Para angkatan bersenjata, dengan bangga emblem di tubuh mereka
Menodong senapan di hadap muka
Lalu menembak sesuka hati mereka

TUHAN
Patutkah ku menghujat?
Para biadab bersenjata
Membawa luka di antara langkah kaki mereka
Luka kami akan keluarga tercinta
Atau, di selongsong senapan mereka
Yang membawa ajal mendekat di pelipis kepala kami
Seolah berhak menghakimi diri yang penuh luka ini

TUHAN
Tak cukup kah ribuan tangisan kami, terdengar di setia sudut reruntuhan ini
Di setiap sela doa dan sujud kami
Tak cukup kah ribuan batu kami layangkan atas nama’jihad’?
Ketika mereka di luar sana acuh terhadap kami


Kami berjuang atas nama ilahi
Kala media sengaja menutupi
Fakta – fakta tersembunyi
Di balik semua ini

***

TUHAN
Lindungilah kami,
di tanah penuh tangisan dan darah ini

-------------------------------------------------------------------------------------------------------------------------------

Febri arif budianto
Jakarta, 07-12-2012


Rabu, 21 November 2012

Apa salahnya?



Apa salahnya dengan sebuah kesendirian? Menyudutkan diri. Menyingkir dari keramaian. Membuat ruang untuk diri. Aku membawa tubuhku yang entah melangkah atau bahkan menetap sejenak.

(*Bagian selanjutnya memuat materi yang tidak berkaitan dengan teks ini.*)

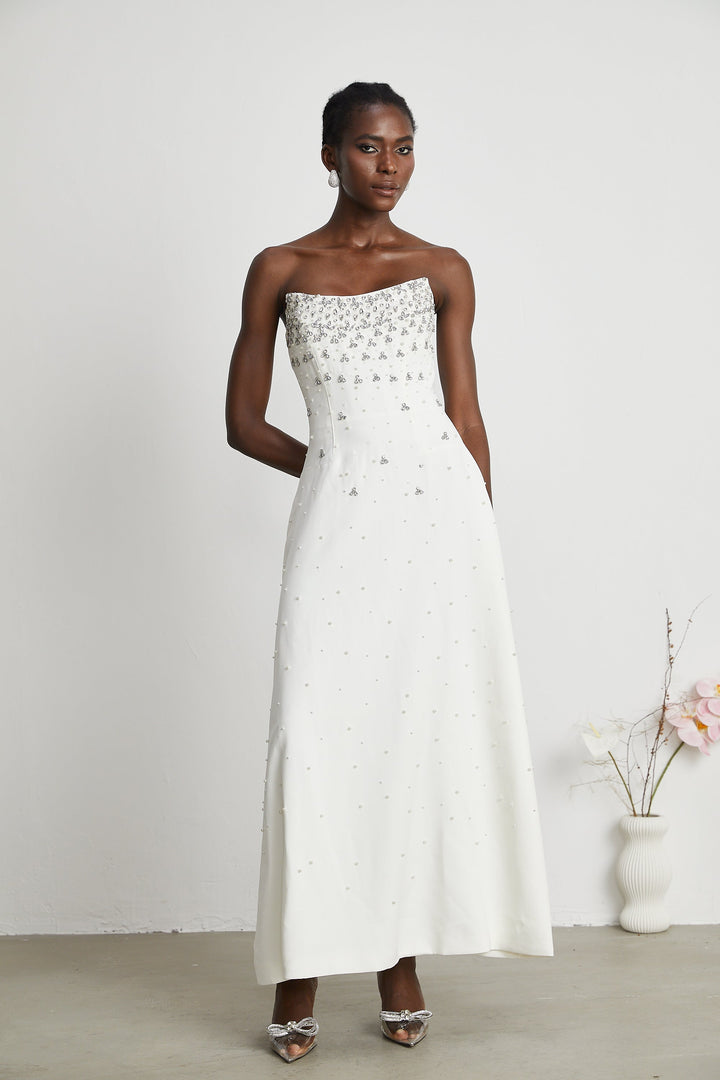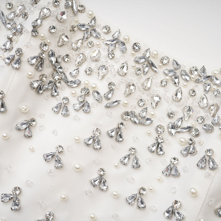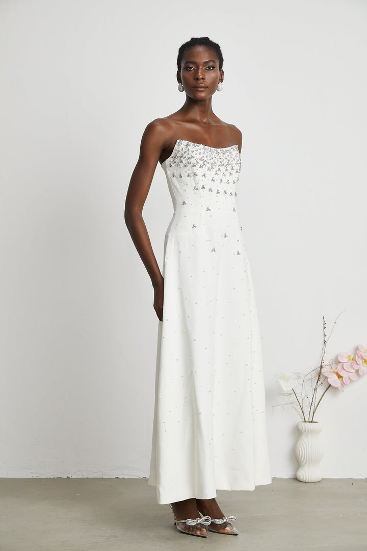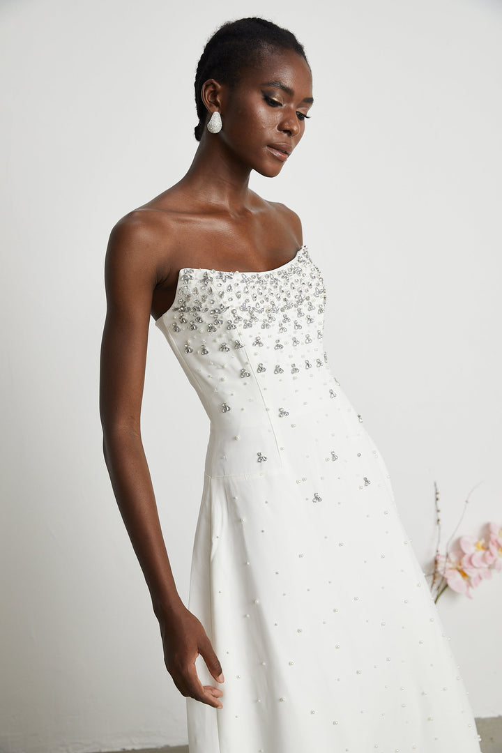 • IMPORTANT NOTICE: By ordering Melisande dress, you are abiding to the fact that all pearls & crystals are handmade. The occasional shedding and breakage of a very small number of pearls & crystals is a normal phenomenon. Even high-end or luxury brands encounter this.

Aku lelah. Semua topeng yang terpasang, mengisyaratkan luka. Dindingnya retak, menyuarakan yang telah terjadi. Aku terdiam menatap tiap ekspresi yang terpancar.



*

Senja kini temani. Sejenak dalam remang cahaya, mengantar matahari ke peraduan, mendekati malam. Dan kesendirian.
Tak mengertikah? Kesendirian juga menjadi hal yang urgent dalam beberapa waktu. Kala ku sudah merasa.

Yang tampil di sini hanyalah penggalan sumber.